++++ DATA SHOWN ++++

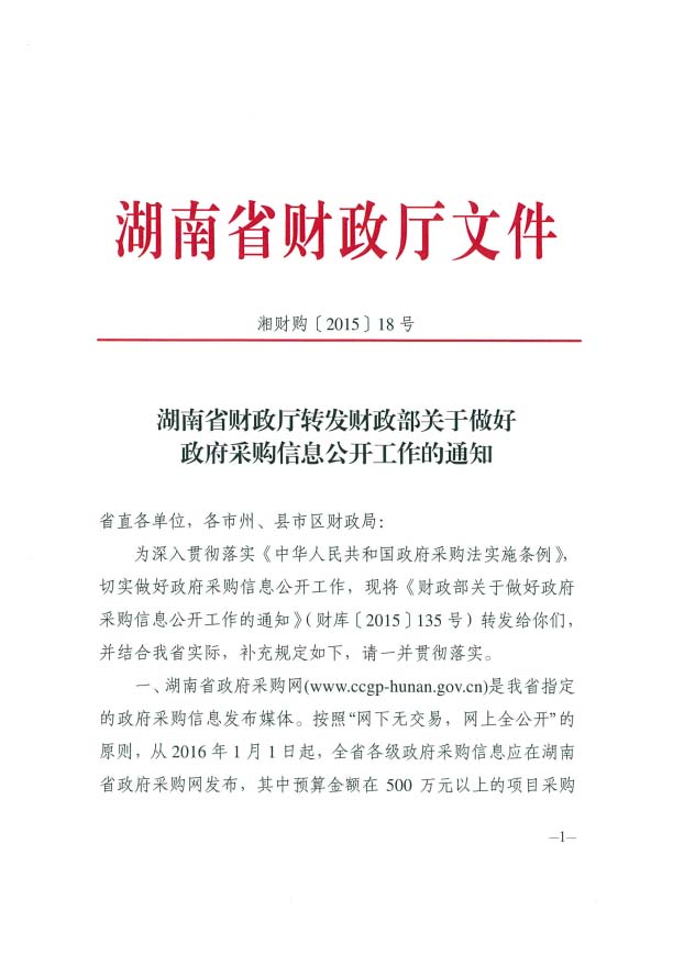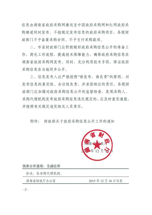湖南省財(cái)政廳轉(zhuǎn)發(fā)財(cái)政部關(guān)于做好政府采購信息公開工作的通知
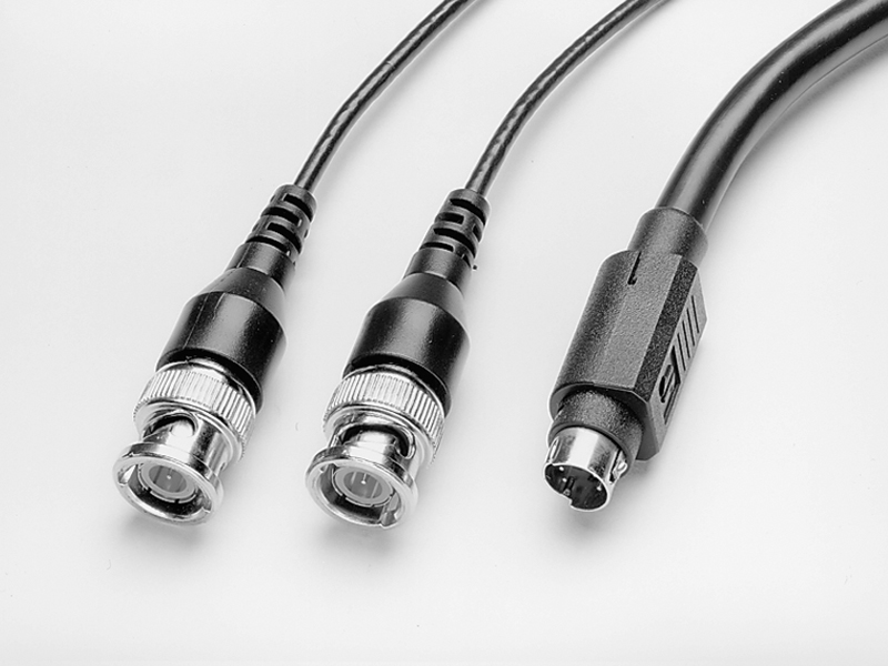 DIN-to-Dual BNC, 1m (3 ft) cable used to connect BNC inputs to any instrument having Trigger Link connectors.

++++
++++ DATA SHOWN ++++

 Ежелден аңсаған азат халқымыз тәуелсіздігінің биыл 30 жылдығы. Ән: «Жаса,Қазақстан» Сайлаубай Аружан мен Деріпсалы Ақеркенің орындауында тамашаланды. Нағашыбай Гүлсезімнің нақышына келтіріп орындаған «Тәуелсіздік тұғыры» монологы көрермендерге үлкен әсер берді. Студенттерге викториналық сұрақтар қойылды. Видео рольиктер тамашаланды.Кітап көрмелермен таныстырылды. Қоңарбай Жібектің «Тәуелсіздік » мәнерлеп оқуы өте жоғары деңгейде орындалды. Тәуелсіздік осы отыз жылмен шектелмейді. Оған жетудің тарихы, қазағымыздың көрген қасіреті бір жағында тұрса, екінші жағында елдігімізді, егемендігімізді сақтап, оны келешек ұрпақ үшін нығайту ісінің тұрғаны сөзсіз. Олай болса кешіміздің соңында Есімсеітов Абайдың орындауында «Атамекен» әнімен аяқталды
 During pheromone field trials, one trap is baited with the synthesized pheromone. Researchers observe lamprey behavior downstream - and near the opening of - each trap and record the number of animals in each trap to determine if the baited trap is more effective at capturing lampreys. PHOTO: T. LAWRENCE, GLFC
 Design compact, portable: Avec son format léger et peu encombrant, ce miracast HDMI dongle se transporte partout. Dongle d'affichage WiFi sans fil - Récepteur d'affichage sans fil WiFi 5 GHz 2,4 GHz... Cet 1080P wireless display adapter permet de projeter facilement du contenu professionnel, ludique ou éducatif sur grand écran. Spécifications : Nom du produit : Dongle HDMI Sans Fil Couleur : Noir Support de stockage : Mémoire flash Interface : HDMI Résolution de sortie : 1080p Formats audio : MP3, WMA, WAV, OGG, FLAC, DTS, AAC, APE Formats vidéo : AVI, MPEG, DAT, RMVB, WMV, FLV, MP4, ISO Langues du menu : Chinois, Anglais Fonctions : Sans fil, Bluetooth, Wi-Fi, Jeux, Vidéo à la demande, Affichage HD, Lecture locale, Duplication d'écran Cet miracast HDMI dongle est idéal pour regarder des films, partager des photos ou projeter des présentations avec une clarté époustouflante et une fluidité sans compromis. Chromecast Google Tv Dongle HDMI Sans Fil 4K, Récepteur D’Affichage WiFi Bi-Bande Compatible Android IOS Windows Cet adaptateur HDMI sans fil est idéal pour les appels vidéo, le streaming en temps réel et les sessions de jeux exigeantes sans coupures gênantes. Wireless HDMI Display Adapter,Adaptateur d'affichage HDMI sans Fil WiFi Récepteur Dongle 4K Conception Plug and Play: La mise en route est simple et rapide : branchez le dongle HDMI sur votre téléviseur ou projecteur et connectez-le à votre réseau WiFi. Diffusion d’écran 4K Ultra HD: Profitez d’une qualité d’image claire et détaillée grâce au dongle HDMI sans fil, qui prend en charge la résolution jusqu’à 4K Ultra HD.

++++

_EXERCISE REQUIREMENTS_.
What are the lines, exactly as written above, from the line with "During pheromone field" to the line with "Design compact, portable: Avec", both included? Output only those.

_ANSWER BOX_.
 During pheromone field trials, one trap is baited with the synthesized pheromone. Researchers observe lamprey behavior downstream - and near the opening of - each trap and record the number of animals in each trap to determine if the baited trap is more effective at capturing lampreys. PHOTO: T. LAWRENCE, GLFC
 Design compact, portable: Avec son format léger et peu encombrant, ce miracast HDMI dongle se transporte partout. Dongle d'affichage WiFi sans fil - Récepteur d'affichage sans fil WiFi 5 GHz 2,4 GHz... Cet 1080P wireless display adapter permet de projeter facilement du contenu professionnel, ludique ou éducatif sur grand écran. Spécifications : Nom du produit : Dongle HDMI Sans Fil Couleur : Noir Support de stockage : Mémoire flash Interface : HDMI Résolution de sortie : 1080p Formats audio : MP3, WMA, WAV, OGG, FLAC, DTS, AAC, APE Formats vidéo : AVI, MPEG, DAT, RMVB, WMV, FLV, MP4, ISO Langues du menu : Chinois, Anglais Fonctions : Sans fil, Bluetooth, Wi-Fi, Jeux, Vidéo à la demande, Affichage HD, Lecture locale, Duplication d'écran Cet miracast HDMI dongle est idéal pour regarder des films, partager des photos ou projeter des présentations avec une clarté époustouflante et une fluidité sans compromis. Chromecast Google Tv Dongle HDMI Sans Fil 4K, Récepteur D’Affichage WiFi Bi-Bande Compatible Android IOS Windows Cet adaptateur HDMI sans fil est idéal pour les appels vidéo, le streaming en temps réel et les sessions de jeux exigeantes sans coupures gênantes. Wireless HDMI Display Adapter,Adaptateur d'affichage HDMI sans Fil WiFi Récepteur Dongle 4K Conception Plug and Play: La mise en route est simple et rapide : branchez le dongle HDMI sur votre téléviseur ou projecteur et connectez-le à votre réseau WiFi. Diffusion d’écran 4K Ultra HD: Profitez d’une qualité d’image claire et détaillée grâce au dongle HDMI sans fil, qui prend en charge la résolution jusqu’à 4K Ultra HD.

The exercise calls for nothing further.